Calum: Binge Eating Eat. That’s all you had done today. You didn’t eat because you were bored or lonely, or depressed. You ate to be skinny. The more food you binged, the more that went down, the easier it was to get up. You were tricking yourself. Your body was manipulated by the idea of getting food; only to have it retched away. Your constant eating dismissed the idea to your body of being hungry, silencing the growls that would give you away. With you getting so much no one assumed that you were secretly purging it all up with ease, smiling at what you had done. In fact, people thought you were eating for two. Even Calum. He was under the blind impression that you were carrying his baby. This thought appalled you. Were you that fat that you looked pregnant? You’d just have to fix that. You excused yourself from dinner, slide upstairs in silence, and stuck your tooth brush down your throat. One easy gag brought everything up and you felt free. The scale smiled up at you for once, five pounds thinner from last week. A gentle knock foreshadowed Calum entering, sparkling concern in his eyes. “Y/N, before I ask this, know that I love you and would never leave you, ever. Also know that if I’m wrong, I mean nothing by it. Are you pregnant?” fear pounded in your ears, you could lie, but that would, that’d be a little much. “No.” you scratched out, voice rising in several octaves laced with tears. “Then what’s wrong?” Calum dared a step closer, reaching out to catch your arm, your arm with your vomit covered tooth brush. “You forced it? You binge? Honey, oh, baby.” You could sense the disappointment in his touch. “Why did this start?” you just stared blankly into his eyes. “Me? Hate?” he turned sharply punching the wall in. “You’re cancelling your accounts until I get this taken care of. You shouldn’t ever change yourself, not even for me.”
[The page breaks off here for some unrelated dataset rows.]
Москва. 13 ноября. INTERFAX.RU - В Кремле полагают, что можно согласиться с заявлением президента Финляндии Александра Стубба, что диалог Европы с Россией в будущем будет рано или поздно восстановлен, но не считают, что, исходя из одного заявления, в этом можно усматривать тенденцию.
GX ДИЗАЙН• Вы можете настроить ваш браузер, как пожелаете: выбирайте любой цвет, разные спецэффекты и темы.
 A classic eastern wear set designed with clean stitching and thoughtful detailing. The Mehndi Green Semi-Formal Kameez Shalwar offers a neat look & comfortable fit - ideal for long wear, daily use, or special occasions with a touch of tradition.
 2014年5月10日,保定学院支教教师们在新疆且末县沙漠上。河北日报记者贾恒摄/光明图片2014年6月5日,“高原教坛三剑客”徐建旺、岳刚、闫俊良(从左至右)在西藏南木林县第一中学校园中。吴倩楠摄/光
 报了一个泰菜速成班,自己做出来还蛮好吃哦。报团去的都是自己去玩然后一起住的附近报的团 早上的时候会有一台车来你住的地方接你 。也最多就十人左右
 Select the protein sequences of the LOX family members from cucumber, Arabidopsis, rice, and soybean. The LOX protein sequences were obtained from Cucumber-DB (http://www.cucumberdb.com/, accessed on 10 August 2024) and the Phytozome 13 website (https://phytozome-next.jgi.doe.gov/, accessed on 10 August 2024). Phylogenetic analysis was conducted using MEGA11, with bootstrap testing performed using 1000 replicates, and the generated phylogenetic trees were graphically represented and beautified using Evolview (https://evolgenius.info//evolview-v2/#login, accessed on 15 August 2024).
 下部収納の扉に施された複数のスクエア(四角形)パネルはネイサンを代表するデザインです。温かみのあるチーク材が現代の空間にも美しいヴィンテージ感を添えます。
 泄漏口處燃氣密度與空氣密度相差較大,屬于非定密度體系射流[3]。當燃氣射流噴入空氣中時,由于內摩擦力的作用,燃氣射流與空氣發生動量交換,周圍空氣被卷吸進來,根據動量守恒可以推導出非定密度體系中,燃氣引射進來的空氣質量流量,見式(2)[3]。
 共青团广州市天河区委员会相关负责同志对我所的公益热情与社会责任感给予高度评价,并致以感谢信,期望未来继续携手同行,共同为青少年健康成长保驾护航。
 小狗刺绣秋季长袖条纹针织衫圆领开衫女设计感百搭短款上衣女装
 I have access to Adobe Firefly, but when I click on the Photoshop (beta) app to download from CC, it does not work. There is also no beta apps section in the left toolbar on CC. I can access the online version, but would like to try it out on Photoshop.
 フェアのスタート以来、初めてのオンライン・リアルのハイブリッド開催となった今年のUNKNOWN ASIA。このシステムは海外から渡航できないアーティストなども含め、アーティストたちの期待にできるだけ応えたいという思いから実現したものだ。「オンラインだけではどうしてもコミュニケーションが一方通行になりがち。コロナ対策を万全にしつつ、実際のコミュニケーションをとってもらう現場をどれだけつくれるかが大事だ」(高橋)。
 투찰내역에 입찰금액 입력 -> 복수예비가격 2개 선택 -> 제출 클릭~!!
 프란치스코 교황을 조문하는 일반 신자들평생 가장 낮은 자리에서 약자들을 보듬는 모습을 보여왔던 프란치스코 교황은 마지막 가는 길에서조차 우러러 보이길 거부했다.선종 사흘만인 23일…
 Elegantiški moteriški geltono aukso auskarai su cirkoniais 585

Luke: Bulimia You rolled over in bed, sleep not coming. A frustrated sigh left your lips as you felt what was keeping you awake. Throwing the sheet back from the bed, you flung your legs over the side, slipping on your slippers. You shuffled as quickly through the darkness as you could to the bathroom, mumbling how you were the master of your own bladder. The light to the bathroom switched on, only you hadn’t done it. Luke appeared from behind you, his gently blue eyes tired with sleep. His normally perfect hair matted in all directions. He followed you in, a constant looming presence behind you. “Oh, so you’re going to watch me piss now are you?” you grumbled staring him down. He frowned leaning against the sink, arms folded over his arms. “I’m only doing what the doctors told me to do Y/N.” you sighed, running a hand though your hair. “I’m not a child Luke.” You challenged. “I’m a big girl. I can take care of myself.” Luke yawned and you momentarily lost your thunder at the cuteness overload at three in the morning. “I know you aren’t, but I still need to make sure you don’t relapse. The toughest time is the first few weeks home. I’m just doing what I’m supposed to do to keep you healthy.” You could feel the tears working their prickly way up your throat. You wished you hadn’t gotten that stupid eating disorder in the first place; it took everything away from you. Luke turned giving you privacy, but the awkwardness still hung in the air as the sound of your pee trickled off the walls. “God this is embarrassing.” You groaned washing your hands. Luke shook his head, leading you back to bed. “Don’t ever say that. I think this had made you a stronger woman than you already are. I’m proud to be able to say that my girlfriend is recovering from an eating disorder, because it means I didn’t lose her completely.” Home was taking some getting used to, but it would be better in the end, you could feel it.